Investors have reacted warily to comments by Spain's prime minister that he will not accept certain conditions in return for a European Central Bank (ECB) proposal to buy Spanish government bonds.
In his first televised interview since being elected in November, Mariano Rajoy warned that there are "certain red lines" he will not cross if Spain asks for help from the eurozone's bailout funds, which would trigger the bond buying under strict conditions.
He did not name the conditions, but said separately in the interview that he does not want to cut Spanish pension benefits because retired Spaniards with no way to supplement their monthly state payments would be hit harder than the rest of the country's population.
Analysts warned that a drop in Spain's borrowing rate since the ECB programme was announced last week might reverse if Mr Rajoy resists pressure to accept conditions that may be imposed in return for the bond buying.
"Given that Spanish borrowing costs have fallen substantially since the ECB announcement last week it would appear that Spain feels less pressure to acquiesce than it did this time last week, thus creating further potential for disappointment as politicians contrive to grab defeat from the jaws of victory," said Michael Hewson, senior market analyst at CMC Markets.
The yield on Spain's benchmark 10-year bonds was up 0.04% to 5.72% in trading. Despite the rise, the yield is markedly lower than when ECB announced its plan. Rates of 7% or more are considered unsustainable, and prompted Greece, Ireland and Portugal to ask for bailouts of their public finances.
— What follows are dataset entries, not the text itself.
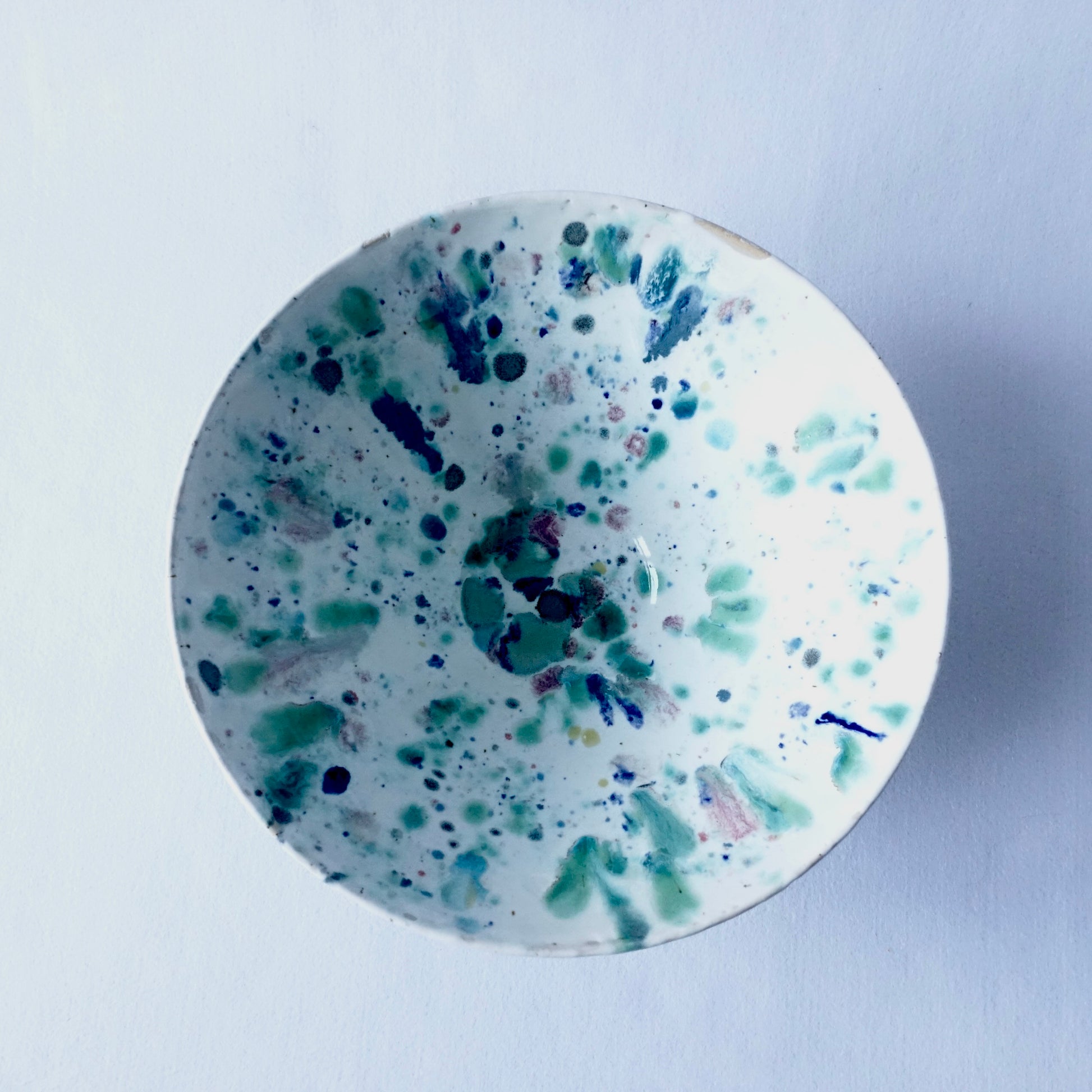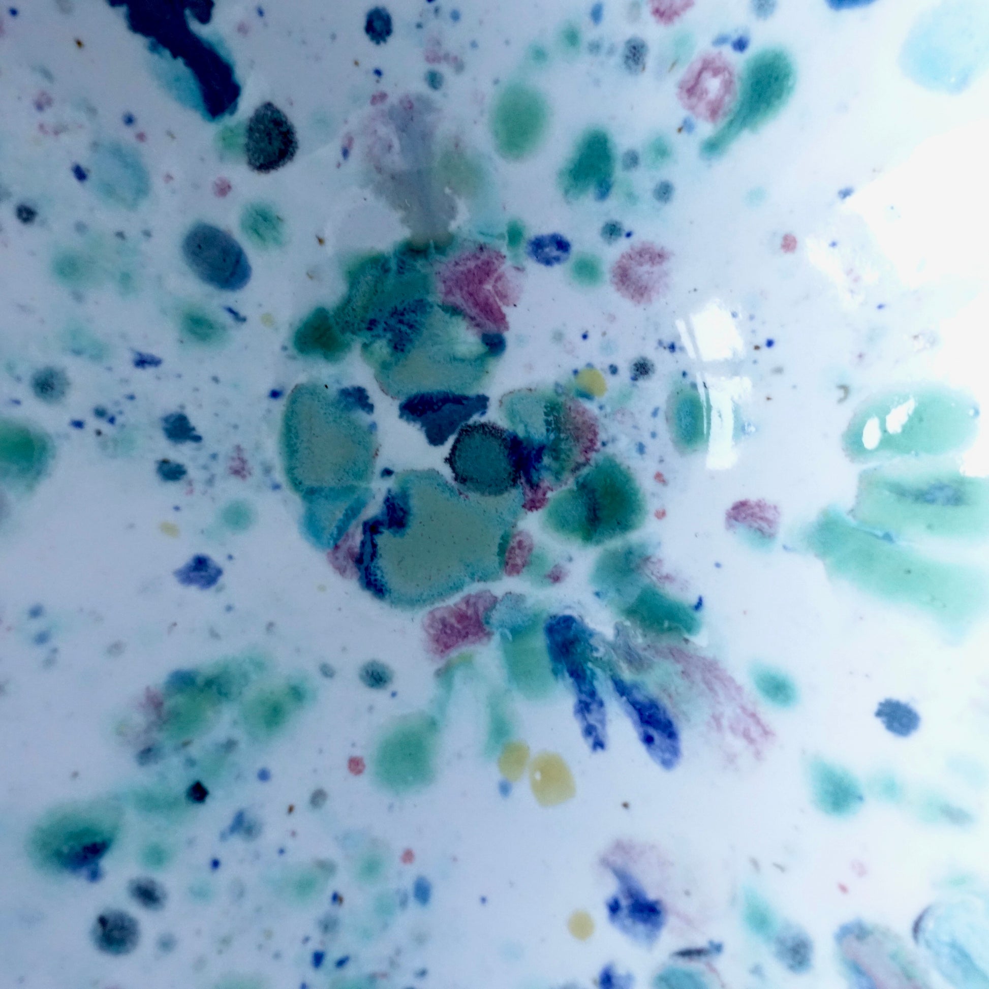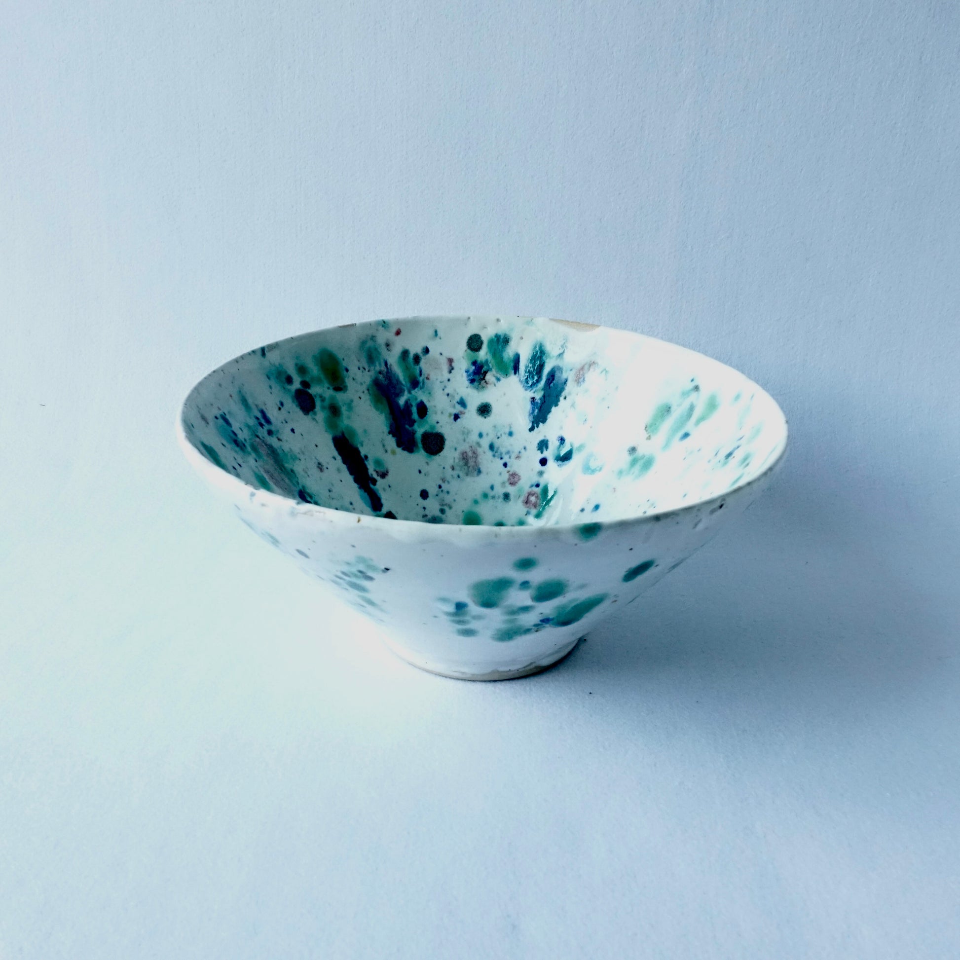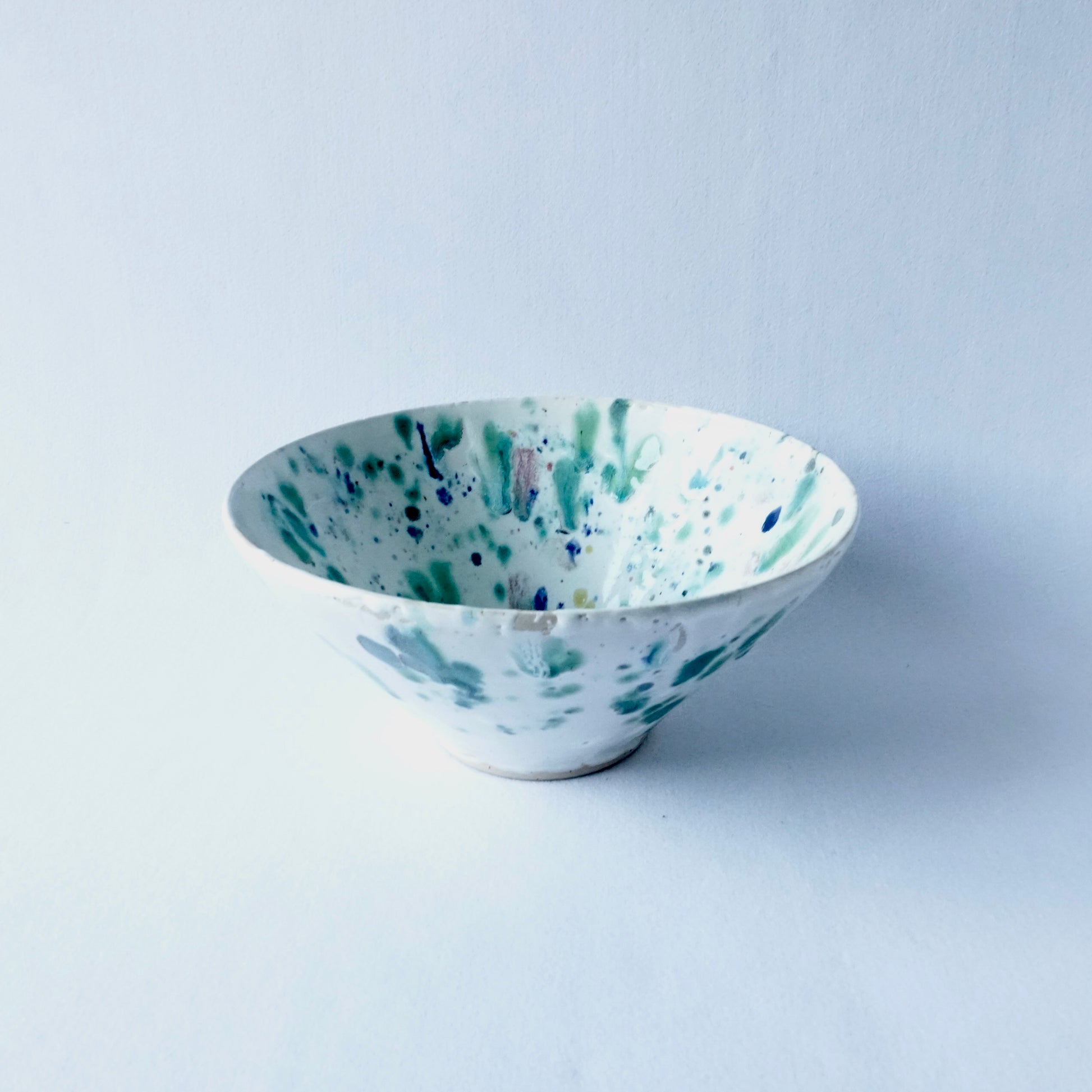 Håndlaget skål med lys bunn og levende innslag av grønne og blå glasursprut som gir et friskt, naturinspirert uttrykk. Skålen er dekorativ i seg selv, men også perfekt til småservering, frukt eller som et kunstnerisk element på bordet.
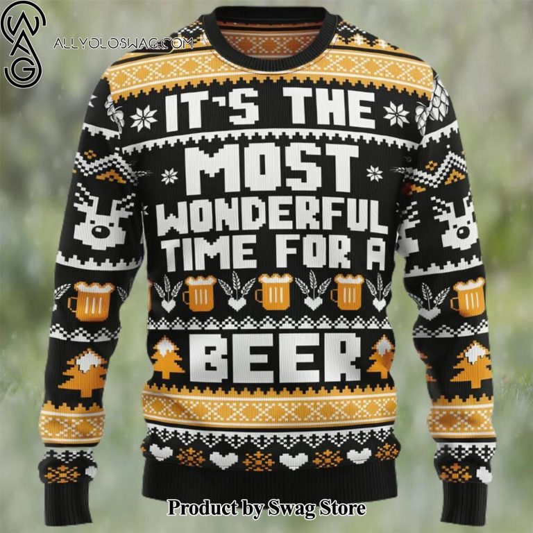 NOTE: [Top-selling] Wonderful Time For A Beer Ugly Christmas Sweater Xmas Sweatshirt
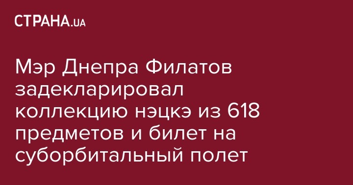 Мэр Днепра Филатов задекларировал коллекцию нэцкэ из 618 предметов и билет на суборбитальный полет
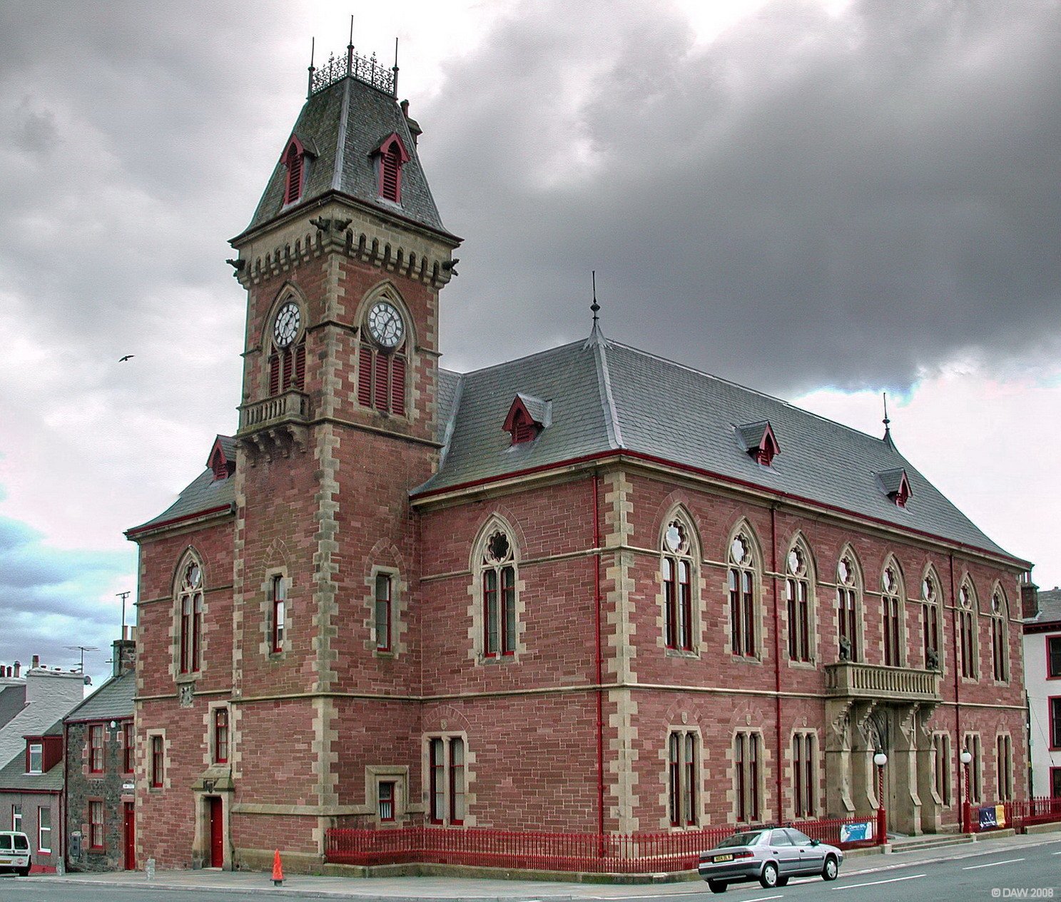 Even on an overcast day like this the former County buildings with its flamboyant French gothic style of architecture is an impressive sight in the town square at Wigtown.  Built in 1862 it was the county buildings until 1973 after which it was not well maintained.  In the last few years it has been fully restored to its former glory and now houses a library and local Museum. [url=http://www.streetmap.co.uk/streetmap.dll?G2M?X=243382&Y=555362&A=Y&Z=1/]Map location. [/url]
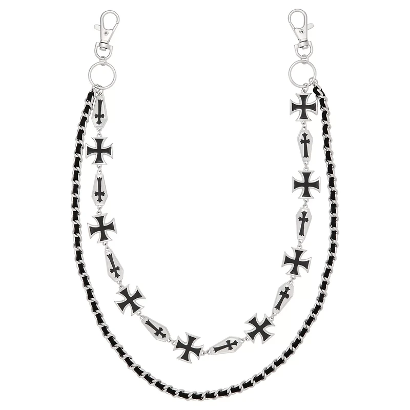 Silvertone Black Cross Layered Wallet Chain
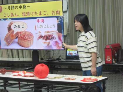 地図で、中国と日本の位置関係を確かめ、歴史的なつながりについても教えてくださいました。「食」についてでは、餃子は皮から作ることや、水餃子にして食べることを教わりました。
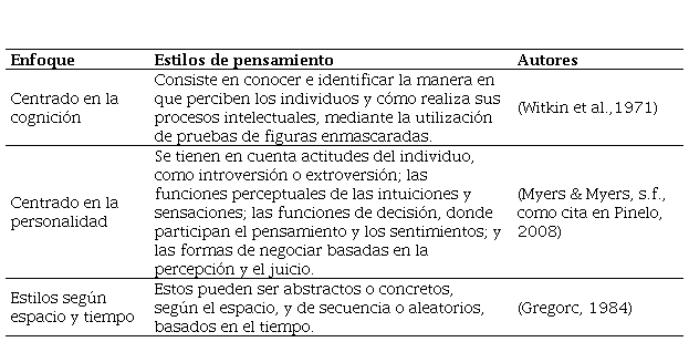 En este orden de ideas, saber cómo operan cognitivamente los estudiantes va a favorecer el proceso de aprendizaje y, con ello, la calidad académica. De allí que el presente estudio busca describir los estilos de pensamiento en estudiantes de la Facultad de Salud de una universidad privada en Norte de Santander, Colombia. Para tal fin, se revisaron los diferentes planteamientos que explican el proceso cognitivo del pensamiento, reconociendo caracterizaciones del proceso; varios autores conciben como estilos de pensamiento (EP) aquellas formas de explorar y usar los propios conocimientos, en función de la resolución de problemas u/o adaptación a las labores que demanda el estudio y profesión.
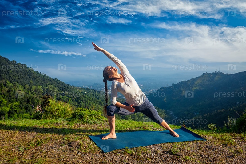 Женщина практикует асану йоги Уттхита Паршваконасана - поза с расширенным боковым углом на открытом воздухе в горах утром
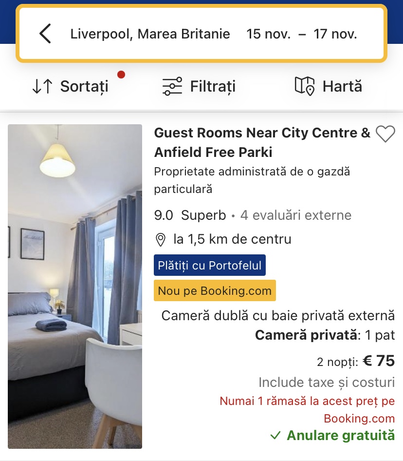 - cazare opt. 1: Guest Rooms Near City Centre & Anfield, 75 euro/camera dubla, 37.5 euro/pers
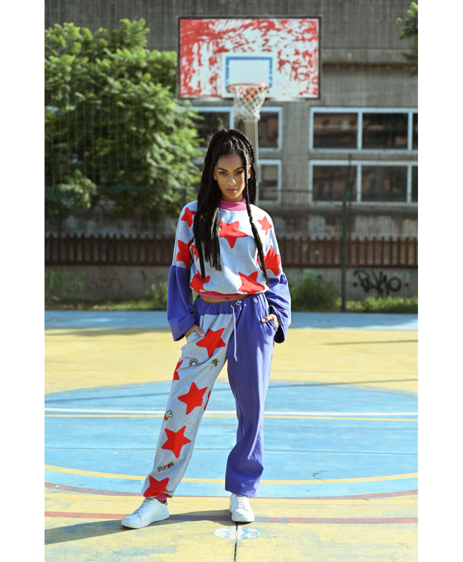 Pantalone jogger in felpa dallo stile giocoso e creativo, realizzato in un’accattivante combinazione bicolore: una gamba in grigio melange decorata e l’altra in blu acceso. Il modello presenta polsini a contrasto fucsia alle caviglie, comode tasche laterali e vita elasticizzata con coulisse regolabile in tono lilla, per un comfort personalizzato.
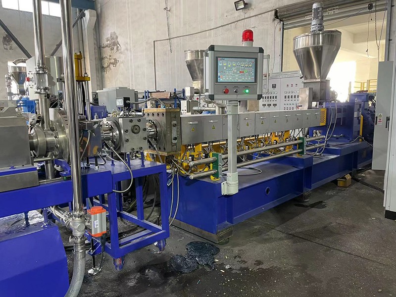 驗收PVB夾膠玻璃回收造粒-KTE-75D雙螺桿水下切造粒機組
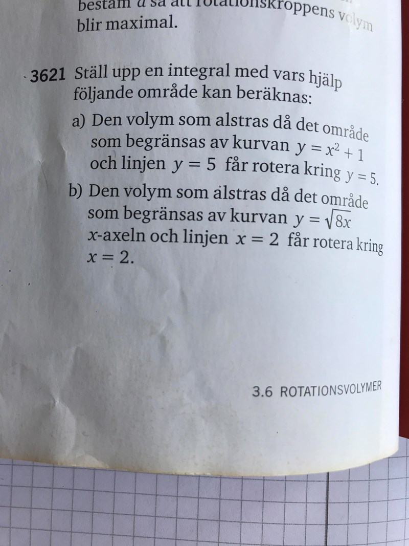 Ställ upp en integral (rotationsvolymer)
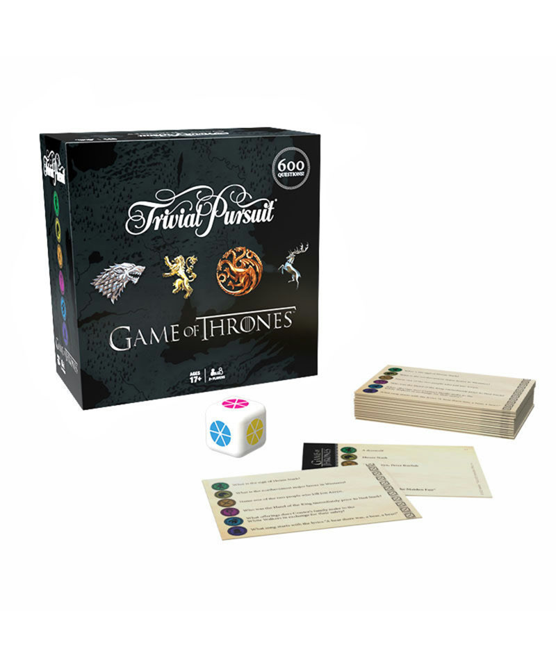 Prove your mastery of the Seven Kingdoms with TRIVIAL PURSUIT®: Game of Thrones! Test your knowledge of Westeros as you answer questions spanning noble houses, epic battles, political intrigue, and legendary creatures like White Walkers and dragons. Featuring 600 questions across six categories, this game challenges even the most devoted fans. Answer correctly, claim your wedges, and outwit your rivals to take the Iron Throne! With a collectible, travel-friendly design, this edition lets you bring the world of Game of Thrones anywhere. Do you have what it takes to rule the realm of trivia?
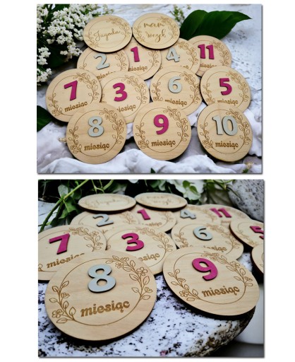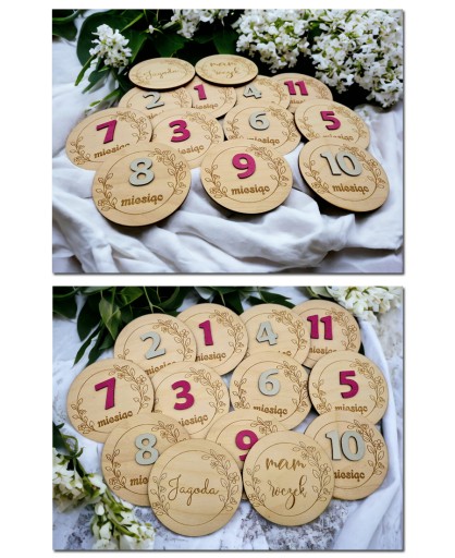 Zestaw zawiera 14 sztuk tabliczek: jedna z imieniem, a pozostałe z miesiącami życia maluszka.
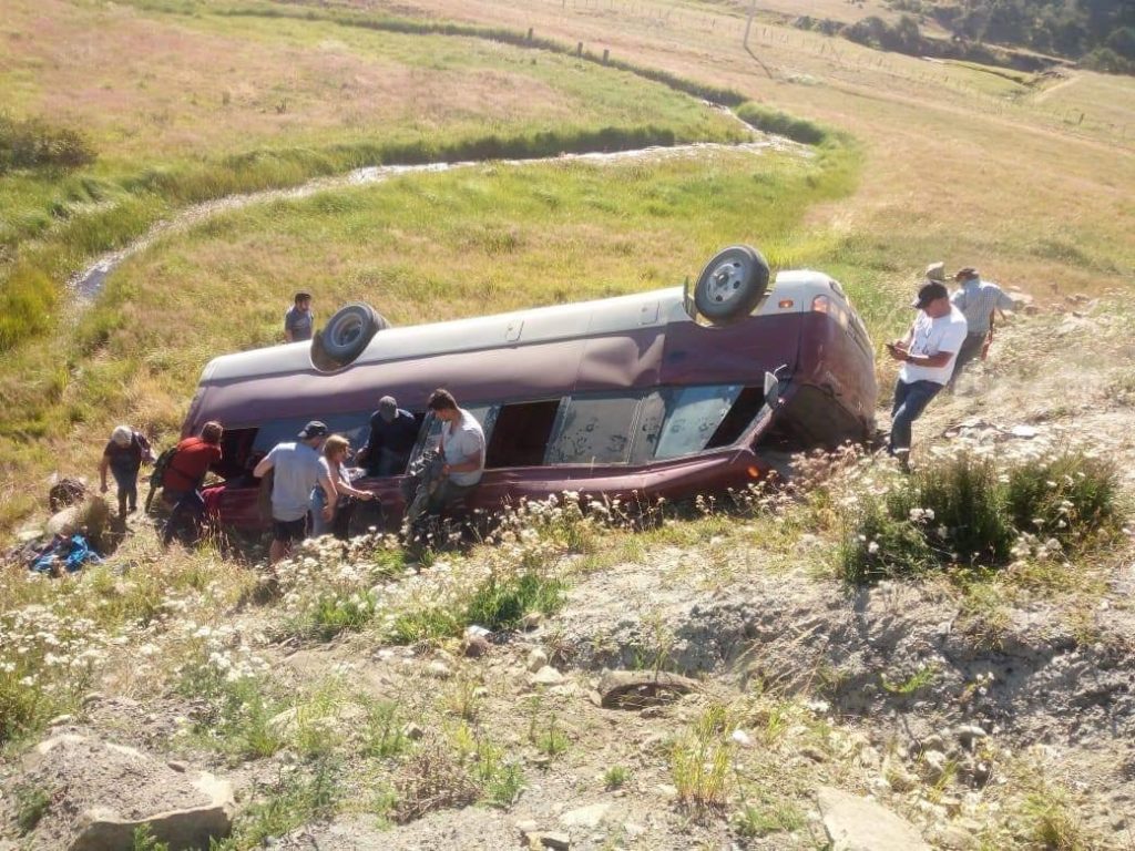 19 pasajeros y tres tripulantes lesionados en volcamiento de un minibus ocurrido camino a Cerro Castillo

Spain has accepted a bailout of up to 100 billion euro (128 billion US dollars) to save its banking system, which was hit hard by a property boom gone bust. The country wants to avoid a full-blown bailout though.
Mr Rajoy was meeting Finland's prime minister, Jyrki Katainen, in Madrid.
"Spain deserves to have lower interest rates after all they have done," Mr Katainen said at a Madrid business forum, referring to economically painful austerity measures pushed through by Mr Rajoy this year that have raised taxes and cut government spending.
Spain is in a deep recession with unemployment of nearly 25%, the highest in the eurozone.